**Task:** For this exercise, retype all the data exactly and exclude every image.

Segment Start: Supplied material

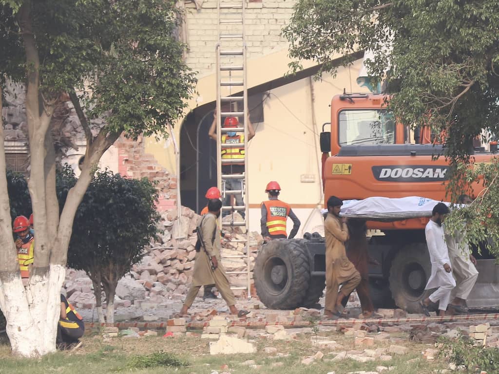 Het lichaam van een slachtoffer wordt weggedragen bij een getroffen gebouw in de Pakistaanse stad Muridke.
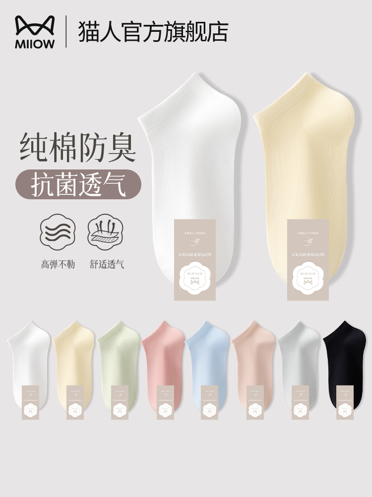 Cat-Themed Women's Short Socks, Pure Cotton, Antibacterial, Thin Summer Style, Solid Color Cotton Socks, Seamless, Odor-Resistant, Non-Slip, Sports No-Show Socks
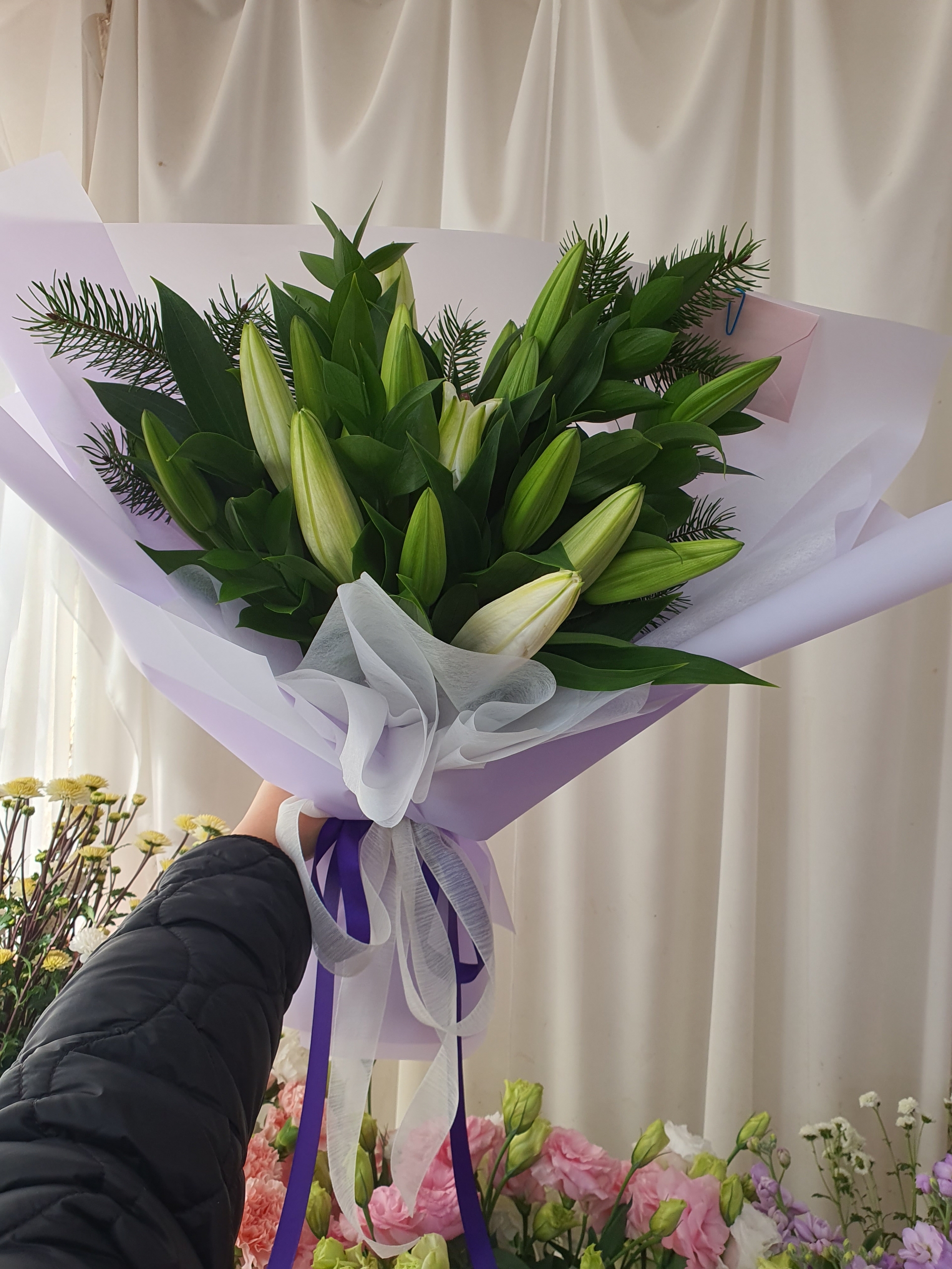 Meaning: Purity & devotion Description: Clean and elegant lilies delivering calm and sincere feelings. A beautiful choice for weddings, anniversaries, and blessings.

Segment End: Supplied material

**Answer for this exercise:**
 Het lichaam van een slachtoffer wordt weggedragen bij een getroffen gebouw in de Pakistaanse stad Muridke.
 Cat-Themed Women's Short Socks, Pure Cotton, Antibacterial, Thin Summer Style, Solid Color Cotton Socks, Seamless, Odor-Resistant, Non-Slip, Sports No-Show Socks
 Meaning: Purity & devotion Description: Clean and elegant lilies delivering calm and sincere feelings. A beautiful choice for weddings, anniversaries, and blessings.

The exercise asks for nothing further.